Working with AI used to mean one person interfacing with a single chat window. Over time, AI has become increasingly capable at handling complex, long-running work, like coding, research, and financial analysis. With this, we’ve seen many new ways to use AI—from the terminal and IDE to spreadsheets and decks—but the work has still very much been a “single-player” experience: one human worked with one agent to accomplish individual tasks. 

This is changing with the release of tools like Claude Tag. Now, humans and agents can work together in the same workspace, collaborating in service of goals shared by a team. Work now looks a lot more like a multiplayer game, with teams of humans setting the strategy, and Claude executing the work. 

This involves some new ways of working. At Anthropic, we’ve been testing the technology required to make human-agent teams successful for the last several months. In this article, we explain what multiplayer agents are, and the lessons we’ve learned for building with them.

What are multiplayer agents? 

“Multiplayer agents” is how we refer here to AI models that work with many different humans at the same time. Much like regular agents, they have their own memory and skills. But in other respects they're quite different. They have their own credentials and they live in places where work happens. At Anthropic, that's inside team collaboration tools like Slack.

Here’s an example of a human-agent team analyzing a dataset together in Slack:

For agents to productively participate in a team channel, they need specific capabilities:

These capabilities amount to the technical foundation required for an agent to participate productively across a team of many humans. However, making human-agent teams successful requires more than this: teams need specific ways of working and shared norms, too.

Lesson 1: Work in public and give agents broad context

Teams at Anthropic share information proactively and openly. This is especially true when agents are on the team, because agents build their understanding entirely from the text a team makes searchable: Slack, code, docs, and meeting notes. Private messages, hallway conversations, and restricted documents can’t provide agents with context. For an agent, if it’s not written down and accessible, it doesn’t exist.

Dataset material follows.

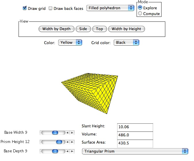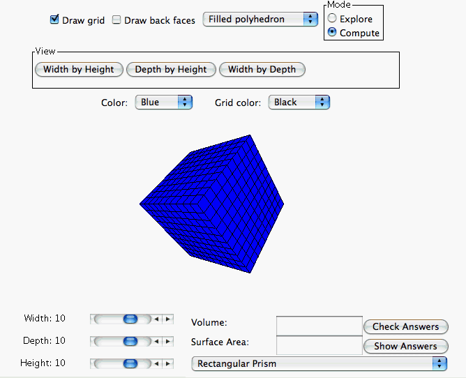 This activity allows the user to manipulate three-dimensional polyhedra to experiment with surface area and volume.

Instead of deciding what information should be available to agents one doc or Slack channel at a time, we use clearly defined security boundaries that apply to entire Slack workspaces, as well as to meeting transcripts and doc libraries. Within the security boundary, context flows to every teammate—whether human or AI. Not only does this increase what agents and humans get access to, it also reduces confusion about what can be shared and with whom. Humans and agents alike find it difficult to navigate the soft boundaries of per-item sharing: should this channel be public or private? Can I share this doc with that person? Is this agent allowed to see that thread? A small number of clear, workspace-level boundaries removes decision fatigue from day-to-day work.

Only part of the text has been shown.